● **PROBLEM TO WORK ON**
Set down the records exactly, and omit any image found in them.

[Data excerpts]
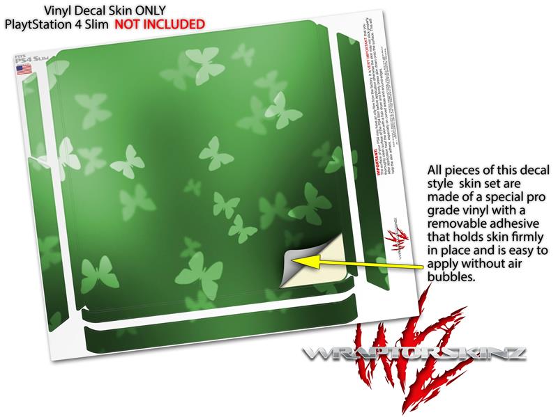 Vinyl Decal Skin Wrap compatible with Sony PlayStation 4 Slim Console Bokeh Butterflies Green (PS4 NOT INCLUDED)
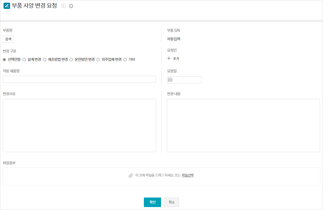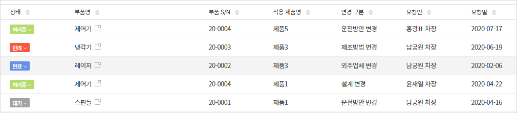 부품 사양 변경을 요청하는 앱입니다. "부품 관리" 앱과 연동처리 됩니다.
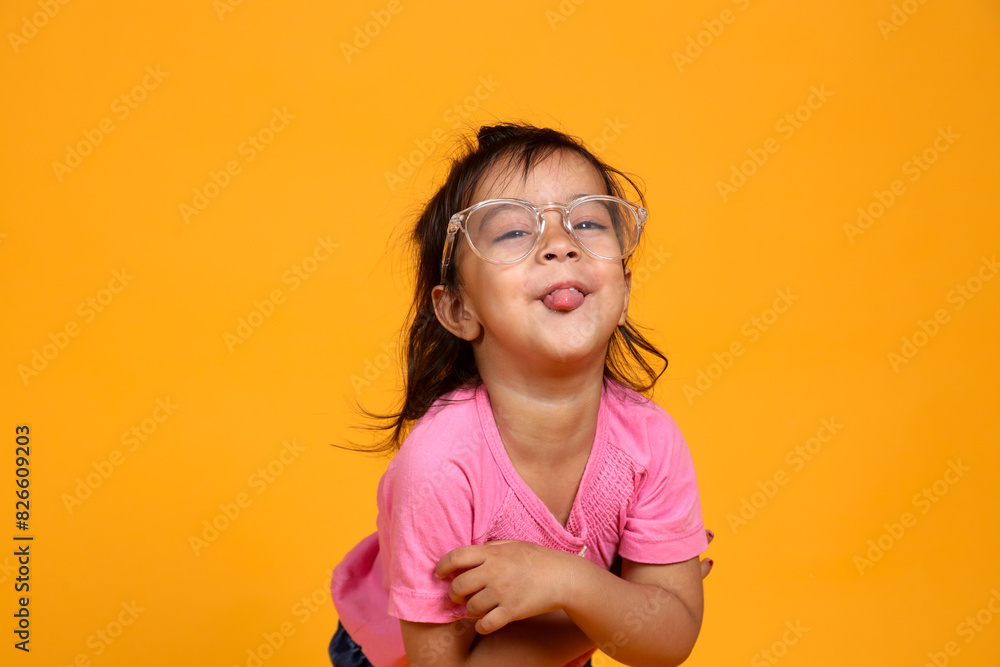 A young child standsplayfully sticking out their tongue. The child is wearing a pink shirt and large, clear-rimmed glasses, showing a fun and mischievous expression.
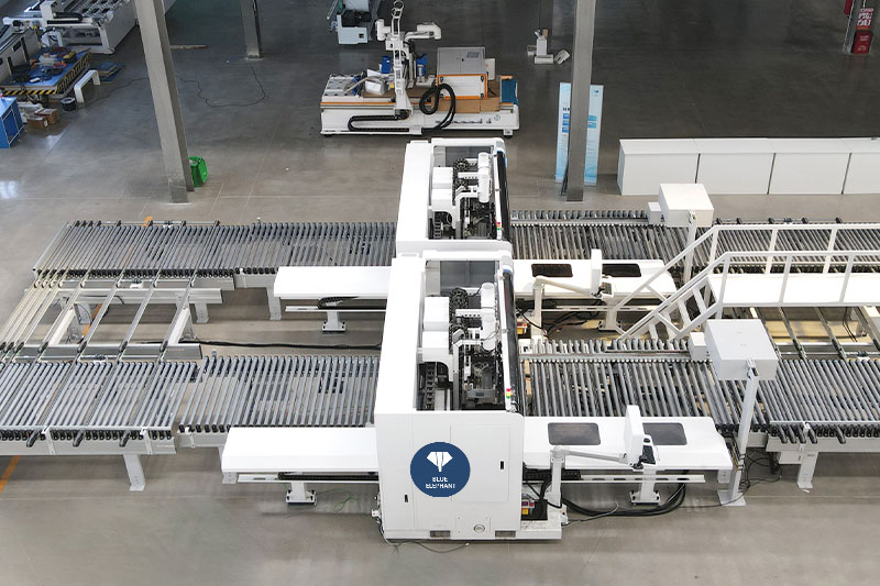 六面鉆雙機(jī)連線由兩臺(tái)數(shù)控六面鉆、定位機(jī)構(gòu)、高清讀碼器、自動(dòng)輸送線及智能化控制系統(tǒng)組成,可與封邊機(jī)、開(kāi)料設(shè)備組成自動(dòng)化生產(chǎn)線。
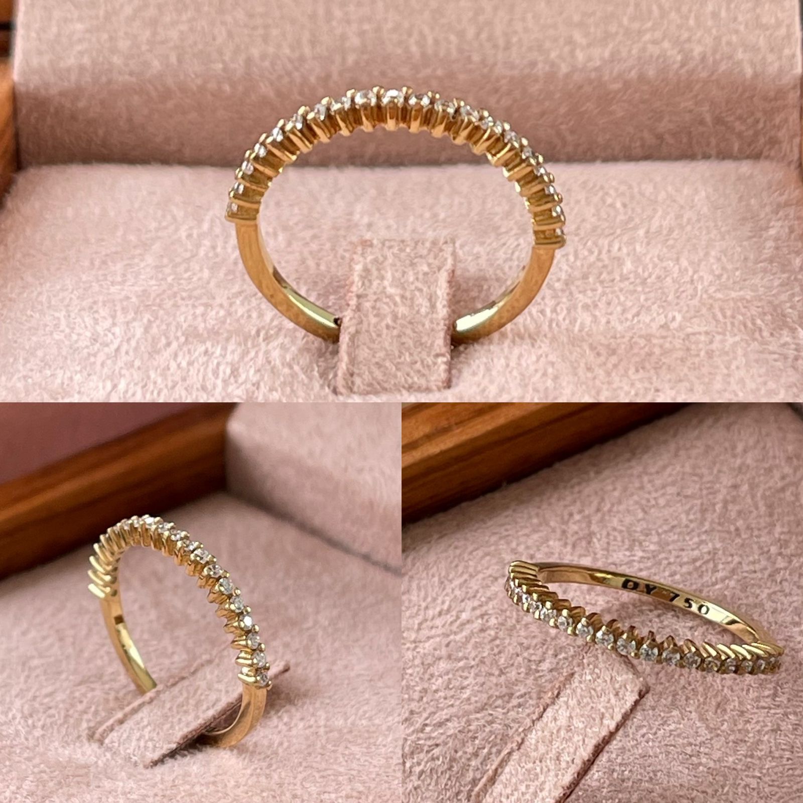 Um anel aparador feito em ouro 18 quilates maciço que valoriza qualquer aliança com um brilho fino e elegante. Disponível com 20 pedras lapidadas de 1,0 ponto cada, trazendo um toque de sofisticação para o dedo.
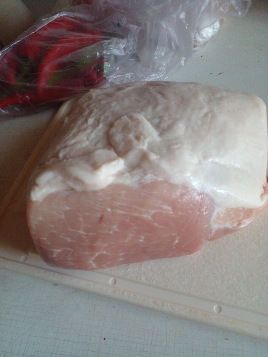 Обожаю маэстро Лазерсона. Много смотрела его передач по телевизору, а сегодня неожиданно он попал с видеороликом ко мне в ленту. Естественно, стала смотреть. Название было что-то, типа, попробуйте это блюдо и не захотите шашлыка. Меня и за меньшее ограничивают, но Лазерсону я прощаю всё. Тем более, вряд ли он сам название придумал. И потом, если кому-то, кто никто, можно написать заг, например: "Приготовил блюдо, гости визжали от восторга", то чегой-то нельзя этого мастеру от блюда, которого я в полном восторге. Не визжала, наверное, потому что по-своему передела, а так вполне себе восторг. Называется шедевр от мастера Друсан Кебаб. Ну, не было у меня приправы из травы чабер и что это должно было меня остановить? И вас не должно! На полном серьёзе уже говорю. Покажу, как просто я вышла из положения. Важно, что главный принцип приготовления соблюдён. У меня такой кусок свинины. Окорок надо было нарезать, как на шашлык. Я сделала поменьше кусочки. Кинула их в раскалённое растите
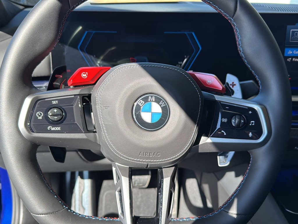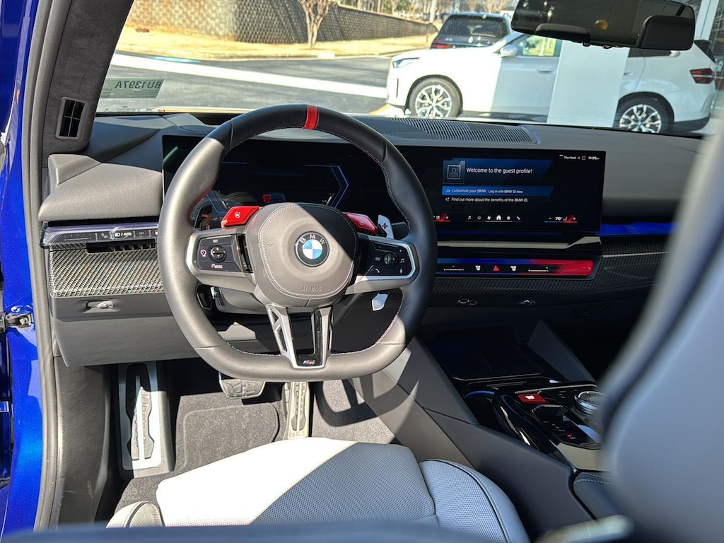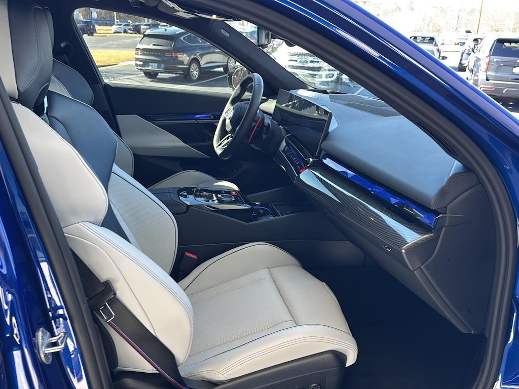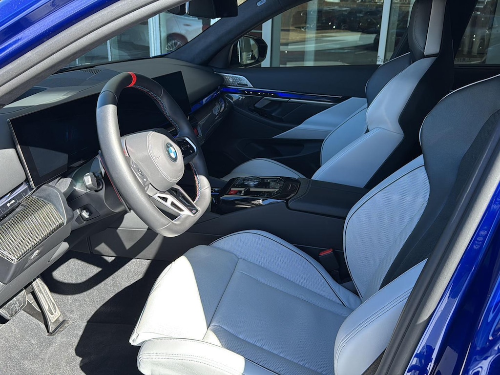 This 2026 BMW M5 Sedan is Marina Bay Blue Metallic with a Silver/Black Extended Merino Leather Interior. It comes very well equipped with a Driving Assistance Professional (Driving Assistant Professional, Traffic Jam Assistant, Lane Change Assistant, Partial Automated Driving), Executive Package (BMW Iconic Glow Kidney Grille, Power Rear Sunshade and Rear Side Window Shade, Front Ventilated Seats, Front and Rear Heated Seats, Interior Camera, Parking View w/ 3d View, Parking Assistant Plus), Carbon Fiber Silver Thread High Gloss Trim, 20"/21" M Dual-Spoke Dark Grey Alloy Wheels, M Drive Professional, Comfort Access Keyless Entry, Hi-Fi Sound System, Automatic Transmission, Navigation System, ConnectedDrive Services, Connected Package Pro, Universal Garage Door Opener, Floor Mats, Tire Pressure Monitor, Heated Steering Wheel, Apple CarPlay/Android Auto Compatibility, Remote Services, Wireless Charging, Decoding for No-Dazzle High Beams, Adaptive Full LED Lights, M Drivers's Package, M Compound Brakes with Red Calipers, Mobility Kit, NEMA 5-15/14-50 Adapter Bundle, Flexible Fast Charger, Active Park Distance Control with Side Protection, Personal eSIM 5G, Wireless Device Charging, Speed Limit Assistant, Travel and Comfort System, M Seat Belts, Active Blind Spot Detection, Foward Collision Mitigation, Lane Keeping Assistant, and Daytime Driving Lights. This 2026 BMW M5 comes with the balance of a BMW Limited Mileage Warranty with coverage until 11/24/2029 or 50,000 miles. Please ask for Internet Sales to receive this special internet offer!
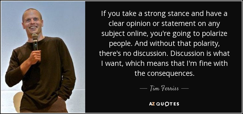 If you take a strong stance and have a clear opinion or statement on any subject online, you're going to polarize people. And without that polarity, there's no discussion. Discussion is what I want, which means that I'm fine with the consequences.
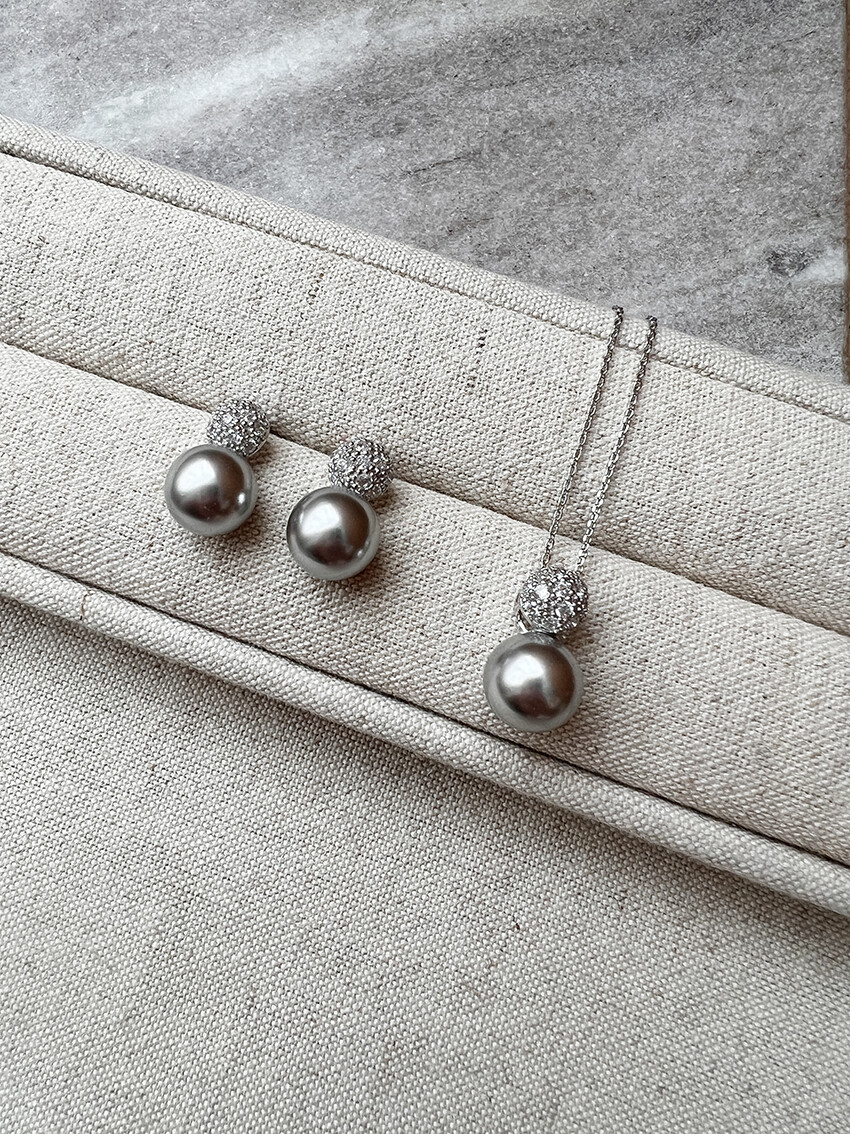 인공진주이기에 해수진주나 담수진주와 같은 천연의 은은한 느낌보다는 오히려 광택감이 있는 진주를 매칭함으로서 화사한 느낌을 더욱 강조할 수 있었습니다.
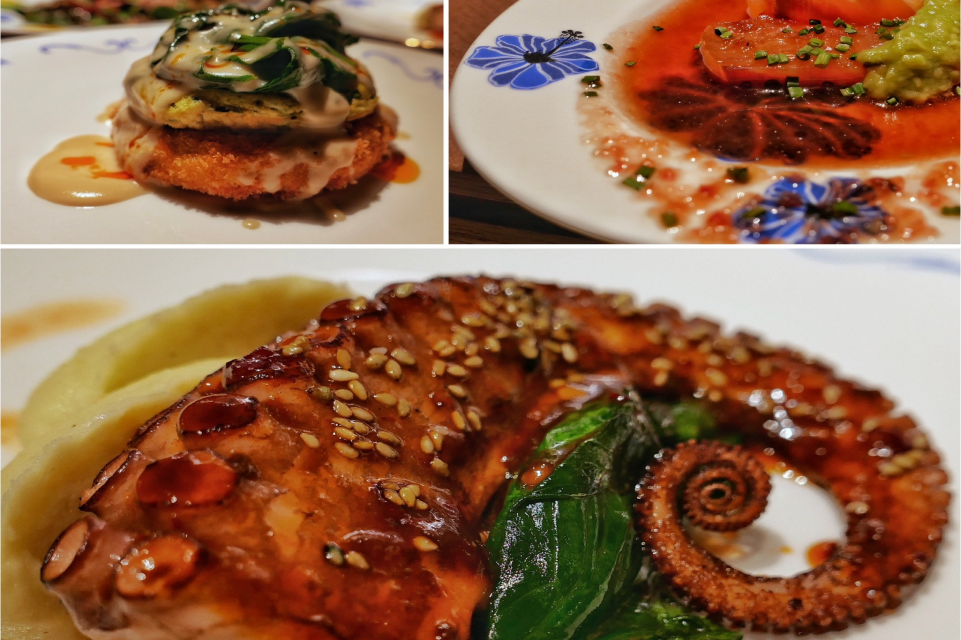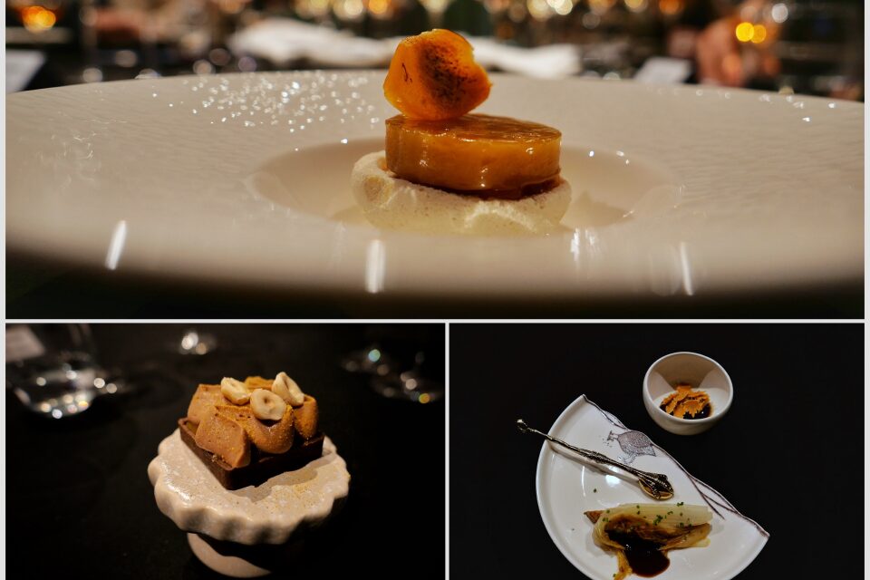 Дальше, на мой взгляд, вершина этого сета — зубатка в карамели мисо на слайсах цветной капусты и с соусом из устрицы. Тут все настолько небанально, что попахивает, знаете ли, некоторым гастрономическим авангардом. Сладкая рыба — каково? После этой зубатки выдержанная утка с соусом из сычуаньского перца кажется чем-то обыденным (во зажрались-то люди, да?), но кремоподобная полента — это нечто. Предесерт по мотивам и со вкусом Kir Royal, десерт — очень вкусный лунный пряник плюс трюфельные конфеты с белыми грибами.

● **REPLY TO THE EXERCISE**
 Vinyl Decal Skin Wrap compatible with Sony PlayStation 4 Slim Console Bokeh Butterflies Green (PS4 NOT INCLUDED)
 부품 사양 변경을 요청하는 앱입니다. "부품 관리" 앱과 연동처리 됩니다.
 A young child standsplayfully sticking out their tongue. The child is wearing a pink shirt and large, clear-rimmed glasses, showing a fun and mischievous expression.
 六面鉆雙機(jī)連線由兩臺(tái)數(shù)控六面鉆、定位機(jī)構(gòu)、高清讀碼器、自動(dòng)輸送線及智能化控制系統(tǒng)組成,可與封邊機(jī)、開(kāi)料設(shè)備組成自動(dòng)化生產(chǎn)線。
 Um anel aparador feito em ouro 18 quilates maciço que valoriza qualquer aliança com um brilho fino e elegante. Disponível com 20 pedras lapidadas de 1,0 ponto cada, trazendo um toque de sofisticação para o dedo.
 Обожаю маэстро Лазерсона. Много смотрела его передач по телевизору, а сегодня неожиданно он попал с видеороликом ко мне в ленту. Естественно, стала смотреть. Название было что-то, типа, попробуйте это блюдо и не захотите шашлыка. Меня и за меньшее ограничивают, но Лазерсону я прощаю всё. Тем более, вряд ли он сам название придумал. И потом, если кому-то, кто никто, можно написать заг, например: "Приготовил блюдо, гости визжали от восторга", то чегой-то нельзя этого мастеру от блюда, которого я в полном восторге. Не визжала, наверное, потому что по-своему передела, а так вполне себе восторг. Называется шедевр от мастера Друсан Кебаб. Ну, не было у меня приправы из травы чабер и что это должно было меня остановить? И вас не должно! На полном серьёзе уже говорю. Покажу, как просто я вышла из положения. Важно, что главный принцип приготовления соблюдён. У меня такой кусок свинины. Окорок надо было нарезать, как на шашлык. Я сделала поменьше кусочки. Кинула их в раскалённое растите
 This 2026 BMW M5 Sedan is Marina Bay Blue Metallic with a Silver/Black Extended Merino Leather Interior. It comes very well equipped with a Driving Assistance Professional (Driving Assistant Professional, Traffic Jam Assistant, Lane Change Assistant, Partial Automated Driving), Executive Package (BMW Iconic Glow Kidney Grille, Power Rear Sunshade and Rear Side Window Shade, Front Ventilated Seats, Front and Rear Heated Seats, Interior Camera, Parking View w/ 3d View, Parking Assistant Plus), Carbon Fiber Silver Thread High Gloss Trim, 20"/21" M Dual-Spoke Dark Grey Alloy Wheels, M Drive Professional, Comfort Access Keyless Entry, Hi-Fi Sound System, Automatic Transmission, Navigation System, ConnectedDrive Services, Connected Package Pro, Universal Garage Door Opener, Floor Mats, Tire Pressure Monitor, Heated Steering Wheel, Apple CarPlay/Android Auto Compatibility, Remote Services, Wireless Charging, Decoding for No-Dazzle High Beams, Adaptive Full LED Lights, M Drivers's Package, M Compound Brakes with Red Calipers, Mobility Kit, NEMA 5-15/14-50 Adapter Bundle, Flexible Fast Charger, Active Park Distance Control with Side Protection, Personal eSIM 5G, Wireless Device Charging, Speed Limit Assistant, Travel and Comfort System, M Seat Belts, Active Blind Spot Detection, Foward Collision Mitigation, Lane Keeping Assistant, and Daytime Driving Lights. This 2026 BMW M5 comes with the balance of a BMW Limited Mileage Warranty with coverage until 11/24/2029 or 50,000 miles. Please ask for Internet Sales to receive this special internet offer!
 If you take a strong stance and have a clear opinion or statement on any subject online, you're going to polarize people. And without that polarity, there's no discussion. Discussion is what I want, which means that I'm fine with the consequences.
 인공진주이기에 해수진주나 담수진주와 같은 천연의 은은한 느낌보다는 오히려 광택감이 있는 진주를 매칭함으로서 화사한 느낌을 더욱 강조할 수 있었습니다.
 Дальше, на мой взгляд, вершина этого сета — зубатка в карамели мисо на слайсах цветной капусты и с соусом из устрицы. Тут все настолько небанально, что попахивает, знаете ли, некоторым гастрономическим авангардом. Сладкая рыба — каково? После этой зубатки выдержанная утка с соусом из сычуаньского перца кажется чем-то обыденным (во зажрались-то люди, да?), но кремоподобная полента — это нечто. Предесерт по мотивам и со вкусом Kir Royal, десерт — очень вкусный лунный пряник плюс трюфельные конфеты с белыми грибами.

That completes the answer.